Rosen Wartell: Houston’s built-in advantages
Building on the work of Chetty and other researchers, the Urban Institute created a framework for helping communities understand and act on the main drivers of economic mobility.
The nonprofit broadly identifies five pillars of mobility: rewarding work; high quality education, opportunity-rich and inclusive neighborhoods, healthy environments and health care access, and responsive and just governance.
Wartell, the Urban Institute’s president since 2012, said Houston is well-positioned in many ways to advance economic mobility. The region’s abundance of land and relatively loose zoning laws make it easier to build better housing and neighborhoods, she said. Strong collaboration between government and dedicated business and philanthropic communities also helps, Wartell said.
Still, Wartell cited one big Houston obstacle: “There is a lot of segregation of where people live in this community by income and race, and those places of isolation are where the data tells us people don’t have growth.”
The Urban Institute has worked with about 30 communities across the U.S. over the past few years to understand their economic mobility data and help chart the course for action. Wartell said it’s too early to measure the impact of policies enacted in those regions.

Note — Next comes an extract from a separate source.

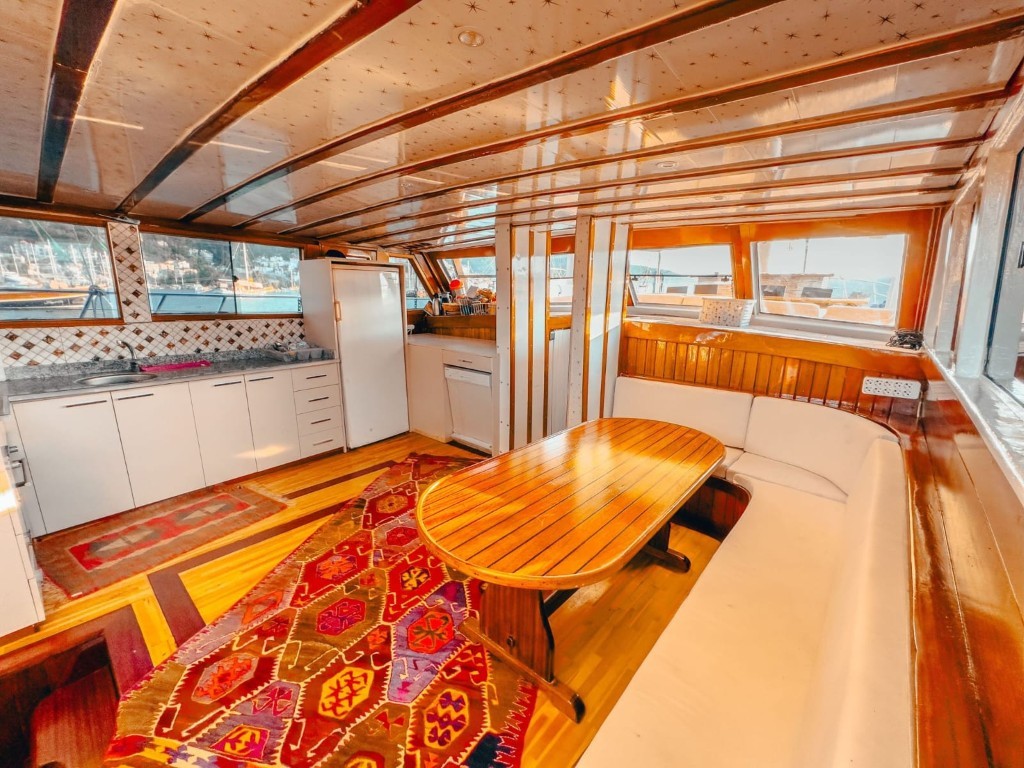 Mavi yolculuğunuz süresince, tam donanımlı mutfağımızda hazırlanan lezzetli yemekleri güvertede veya salondaki şık sofralarımızda tadabilirsiniz. Güneşlenme minderlerinde dinlenerek Göcek Koyları'nın eşsiz manzarası eşliğinde huzur dolu bir tatilin keyfini çıkarabilirsiniz. Prenses Ela Gulet ile tatiliniz boyunca sizlere eşlik eden 3 kişilik mürettebat, yemek, temizlik, bakım ve günlük organizasyonları titizlikle yönetmektedir.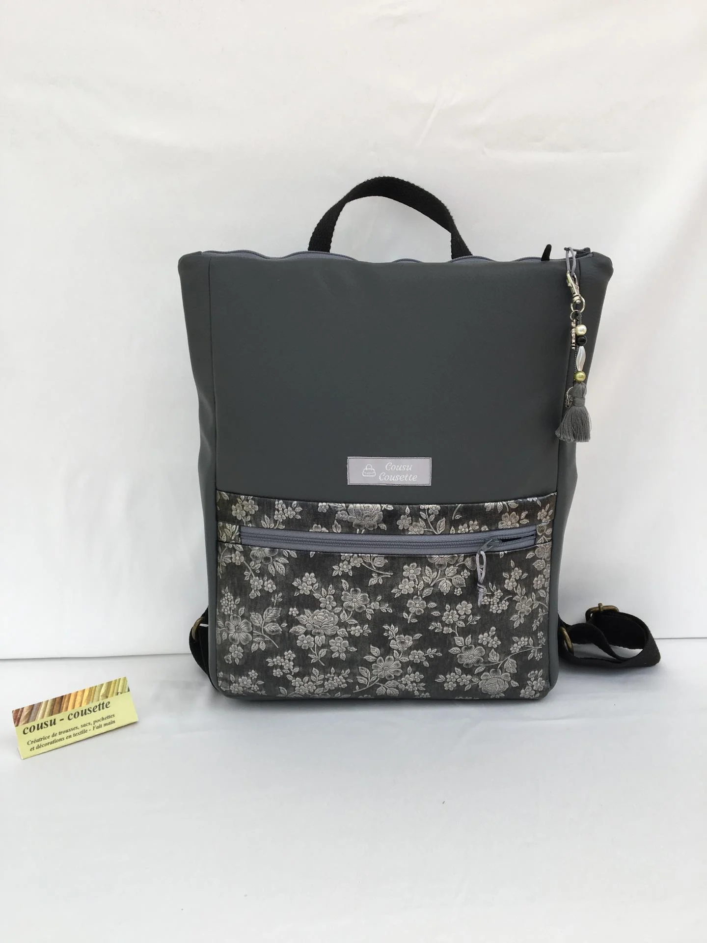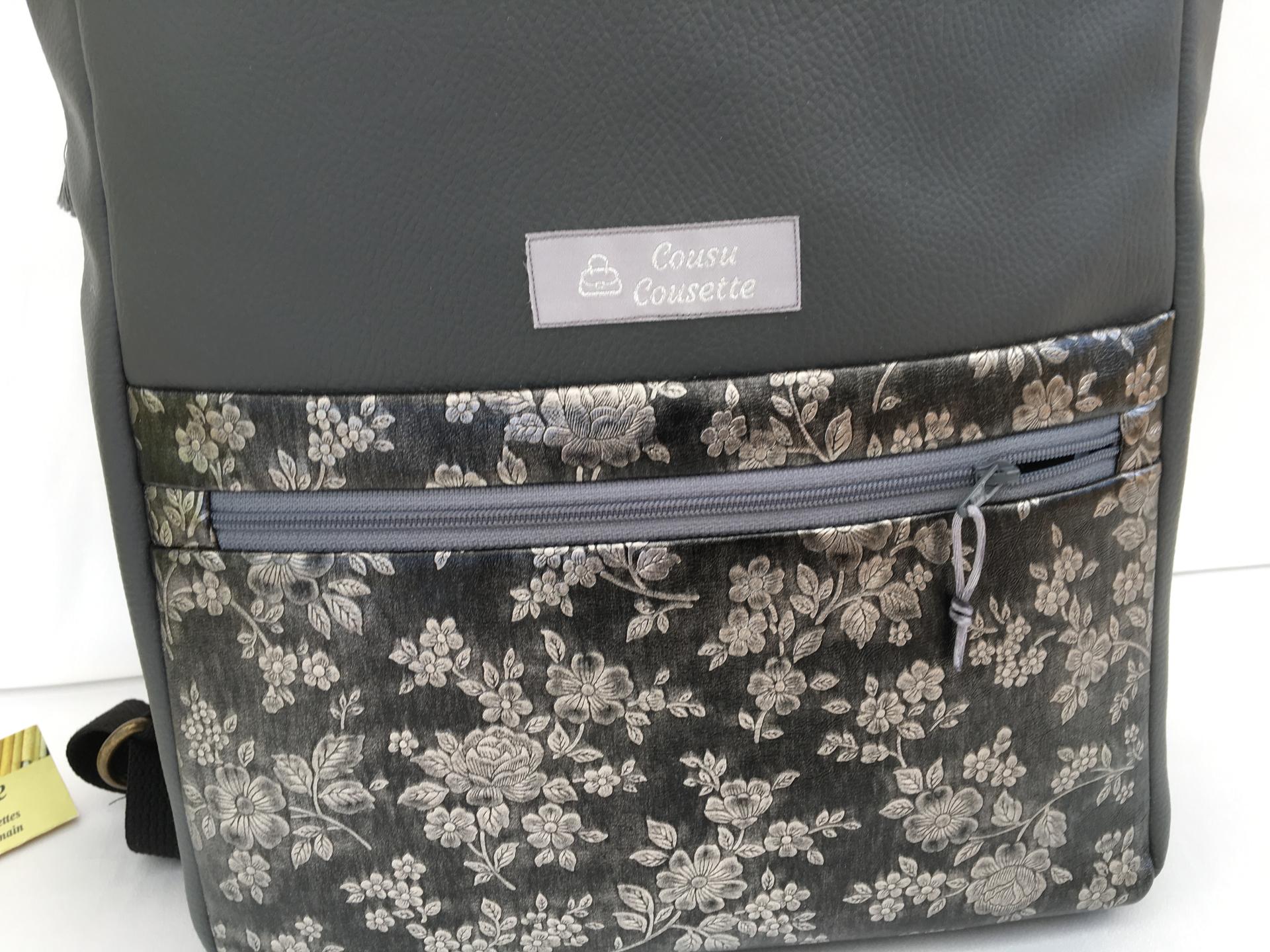 Sac à dos skaï / gris / fleurs réf : SAD 01 prix : 74 euros

Cunha: Connecting employers, employees and educators
Cunha, who also serves as Rice University’s chair of economics, focused on Houston’s failure in recent decades to translate business prosperity into economic mobility.
Building on extensive national research, Cunha argued Houston and other communities have suffered from a breakdown in coordination between employers, workers and schools.
Rather than training up their current employees, many companies today prefer the cheaper option of hiring new employees with credentials they desire, Cunha said. This has been particularly true in Houston’s higher-paying industries.
“We're importing people. We attract brains,” Cunha said. “We have a tremendous, booming economy, but we're not producing the skills that the locals need to have in order for them to benefit from this growth.”
In response, Cunha emphasized the promise of strong jobs-focused programs that provide training in high-wage sectors, teach students soft skills and offer support in securing employment, among other features.
“A key aspect of these types of interventions is a strong connection between employers and the education sector,” Cunha said. “We are training these students to go into jobs that are high-paying jobs, and we’re making sure the training they actually get is training that employers value in the labor market."